ManoftheSea

@pali, I appreciate the attempt to fix, but as you point out, it shouldn't be happening due to reserved space. Also, I think the environment is in a different order anyway, such that it isn't hitting the beginning of scriptaddr. And lastly, I've been playing with u-boot 2022.10 and TF-A 2.8, and I can't repeat the problem myself. So it may be some deeper problem that includes even the toolchain, or even something to do with starting from the older environment first. We've noted that the existence of "scriptaddr" and not "criptaddr" is an important check when board fails to boot. Better still will be to keep the platform firmware up to date so as to not have this bug at all. But as for your patch: Doesn't it check each byte two times? Do we care about efficiency? I propose: while (*ptr != '\0') { do { ptr++; } while (*ptr != '\0') ; ptr++; } The inner while will scan until the end of the current string, while the outer loop ends on the second null. There's an initial condition of being at the end of the list already, which is detected by starting on a null rather than a character.

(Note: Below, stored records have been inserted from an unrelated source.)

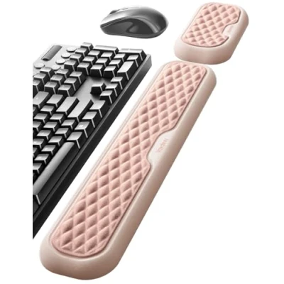 [Soft Ergonomic Wrist Support] Designed to gently support wrists and palms, helping reduce strain during typing, studying, or gaming sessions. [Cloud-Like Memory Foam Comfort] High-density memory foam delivers soft yet supportive cushioning that slowly rebounds for all-day comfort. [Textured Design for Gentle Touch] Diamond-pattern texture and smooth contours provide a comfortable feel while maintaining proper wrist positioning. [Non-Slip Base for Secure Placement] Anti-skid silicone bottom keeps the wrist rest firmly in place on desks and tables. [Cute Desk Accessory & Gift Idea] Stylish white and pink colour design makes it a perfect addition to home offices, study desks, or as a thoughtful gift.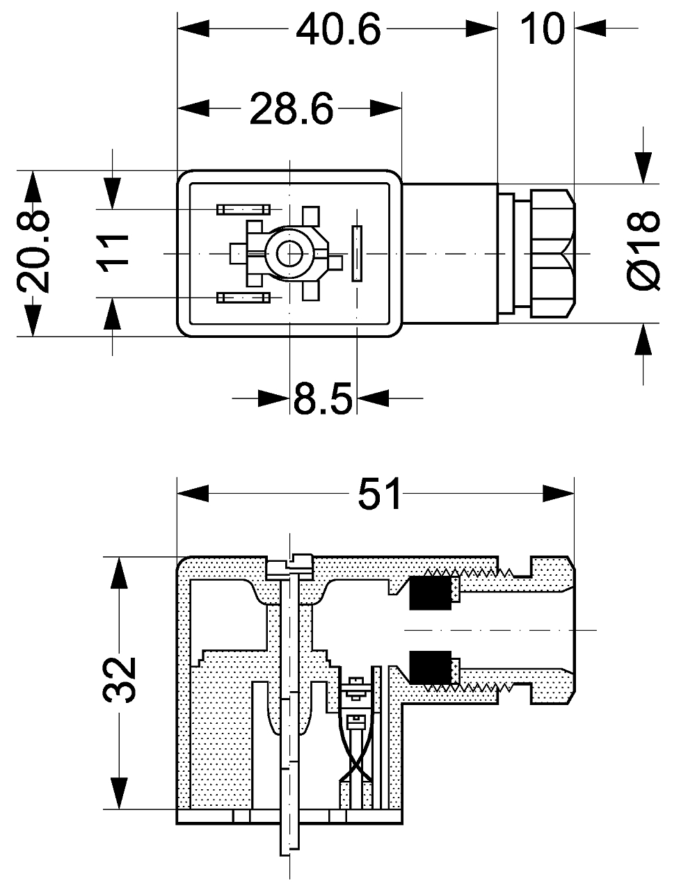 Kabelconnector voor Danfoss 9-22 AB/AC spoel.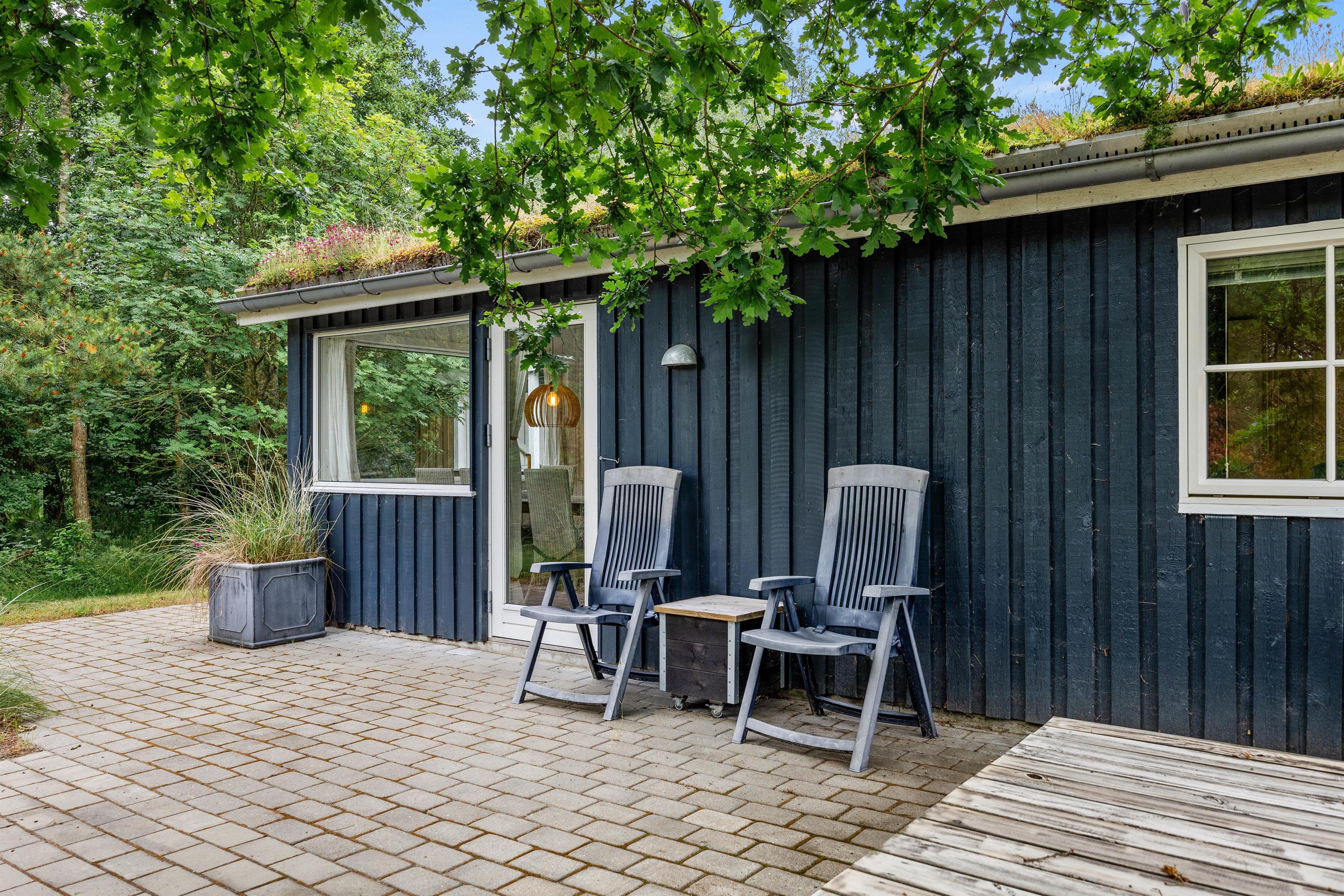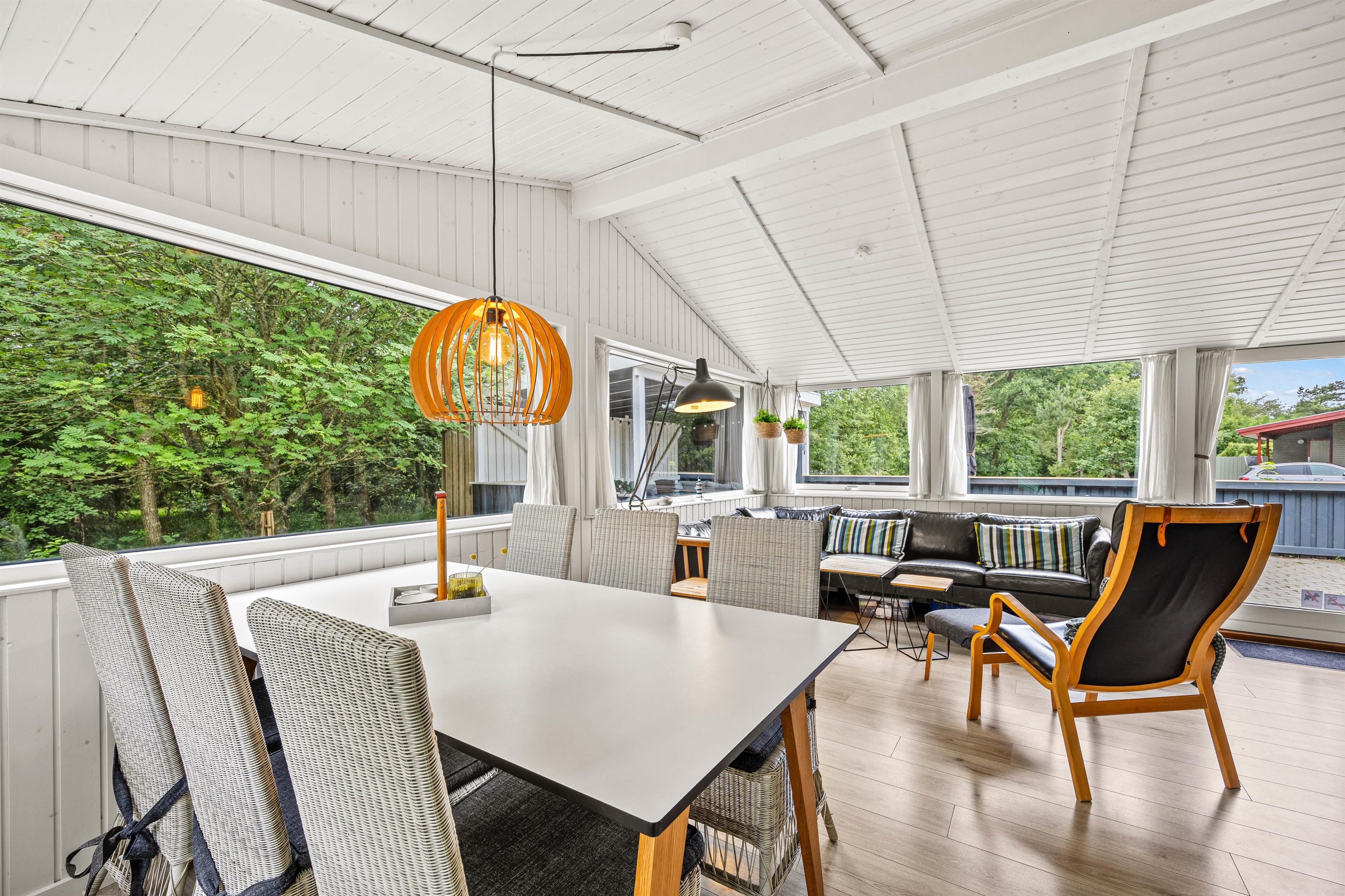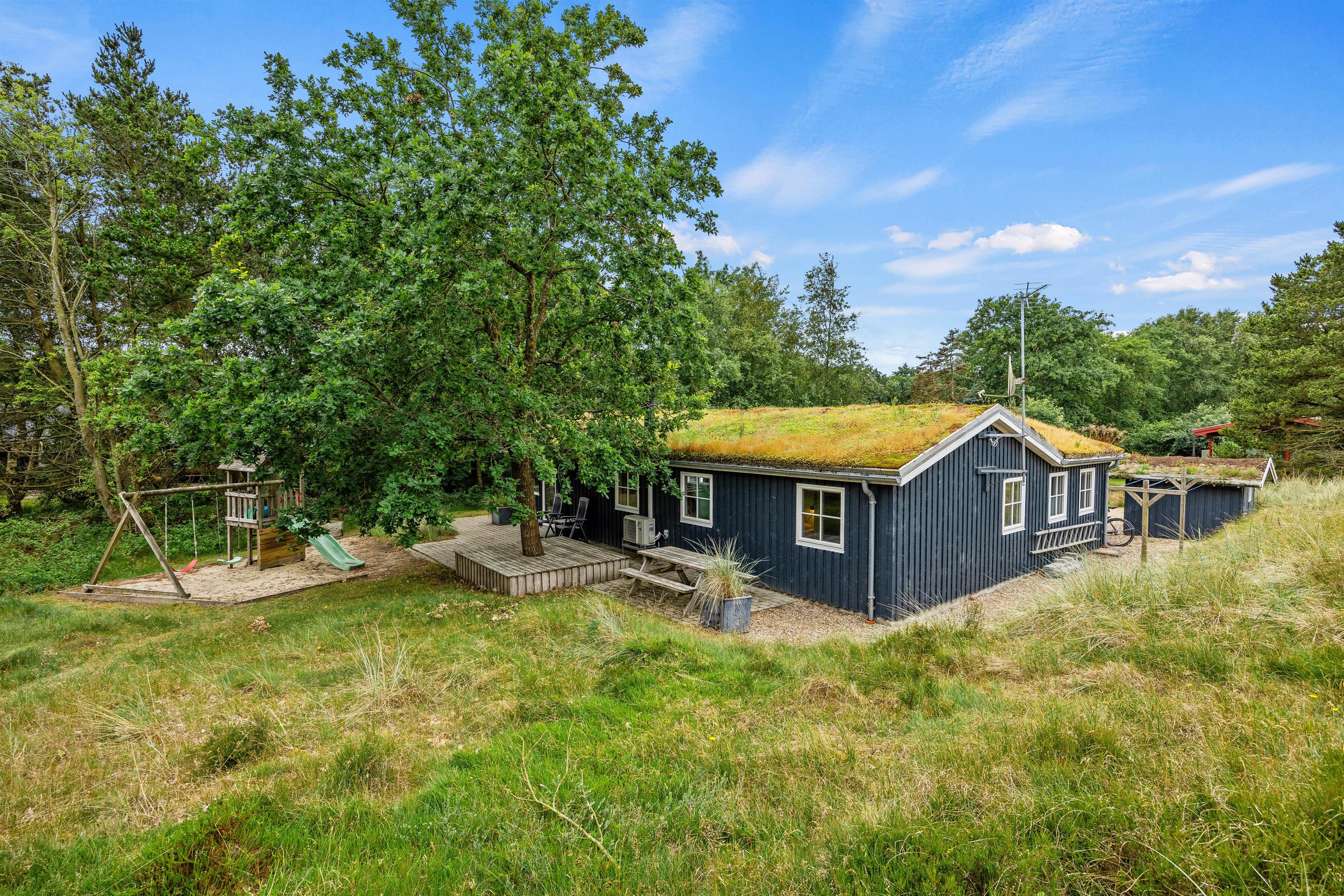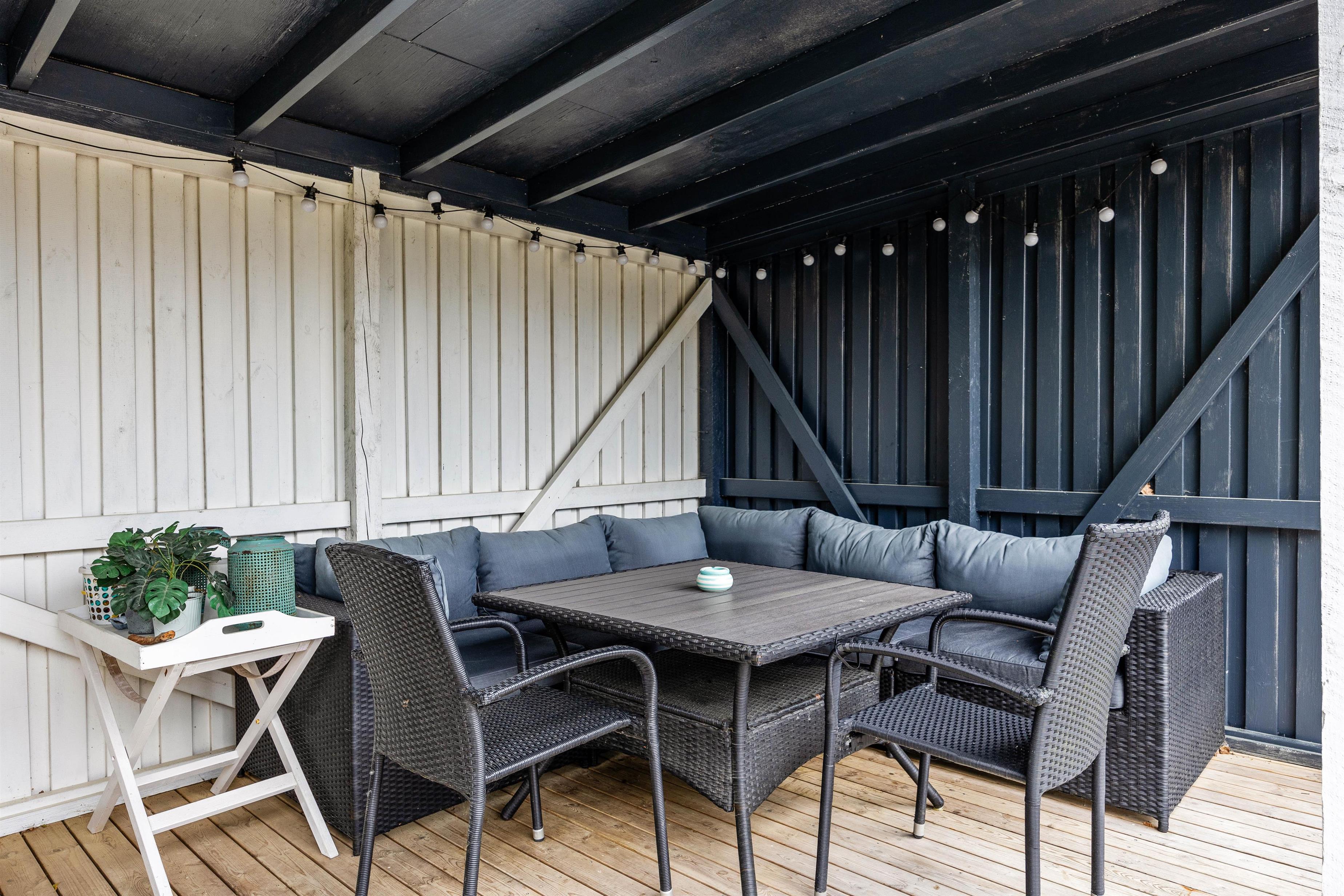 Den åbne og overdækkede terrasse giver mulighed for hyggelige aftener og grillfester med familie og venner, og havemøblerne inviterer til afslapning flere steder rundt om huset, mens børnene leger i sandkassen eller på gyngen. Få en pause fra hverdagen, og skab gode ferieminder i de naturskønne omgivelser i huset med sedum på taget.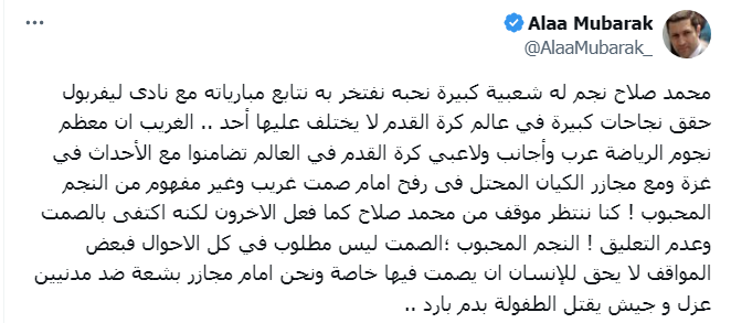 وأضاف علاء مبارك في رسالته لمحمد صلاح "كنا ننتظر موقف من محمد صلاح كما فعل الآخرون لكنه اكتفى بالصمت وعدم التعليق! النجم المحبوب؛ الصمت ليس مطلوبا في كل الأحوال فبعض المواقف لا يحق للإنسان أن يصمت فيها خاصة ونحن أمام مجازر بشعة ضد مدنيين عزل وجيش يقتل الطفولة بدم بارد.."
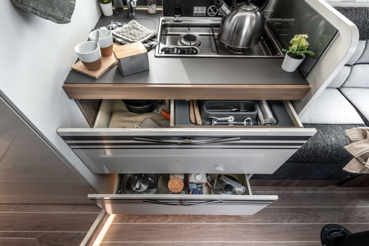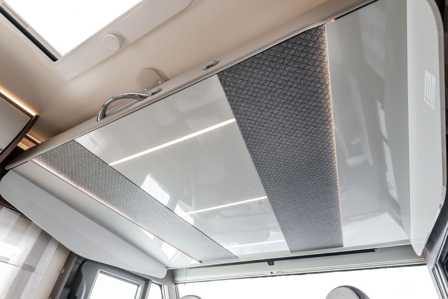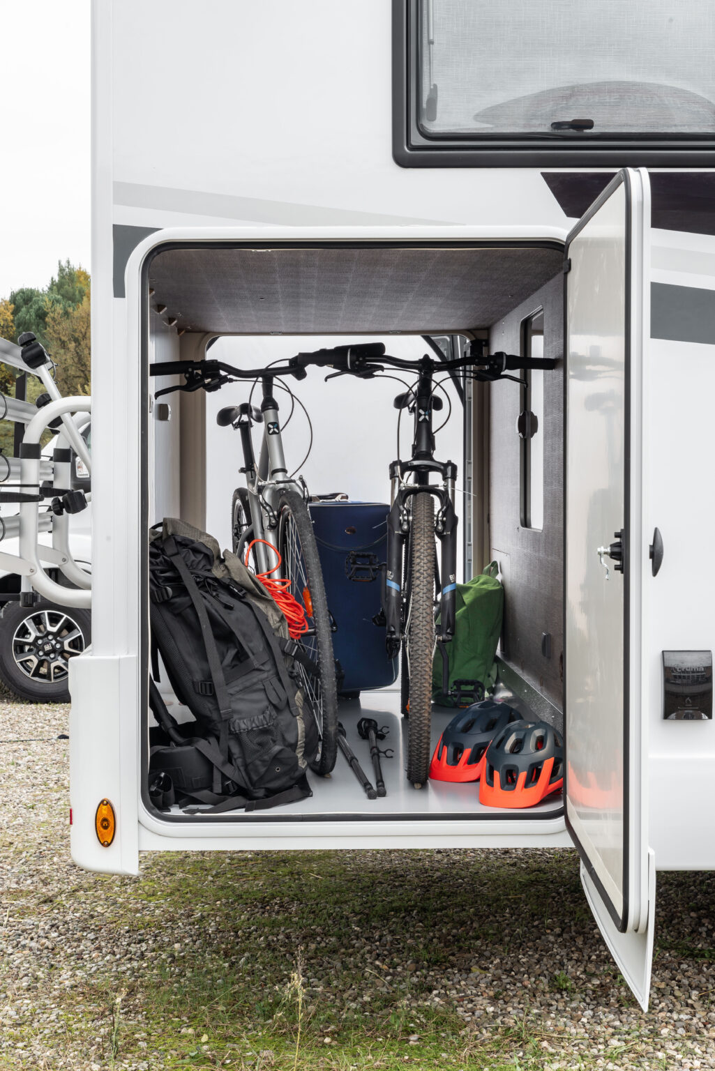 The motorhome for those looking for lots of space, separate areas and large storage capacity. Central double bed and independent bathroom/shower area.

@pali I have a guess: I see in u-boot that there's an area reserved for ethaddr and eth{1,2,3}addr, as well as for fdtfile. And in board/Marvell/mvebu_armada-37xx/board.c in board_late_init, there's a place where it writes the fdtfile based on whether there is emmc and ddr4. Well, the v7 string is 3 characters longer than the v5 string, and it looks like the scriptaddr variable is the next variable. Is it possible the call to "env default -a" is writing over the beginning of scriptaddr? In which case, on an espressobin with emmc, we should see an even worse problem where the variable is named "iptaddr" afterward (because "-emmc" is 2 characters longer still than "-v7", so I speculate it'd eat two more characters out of "scriptaddr")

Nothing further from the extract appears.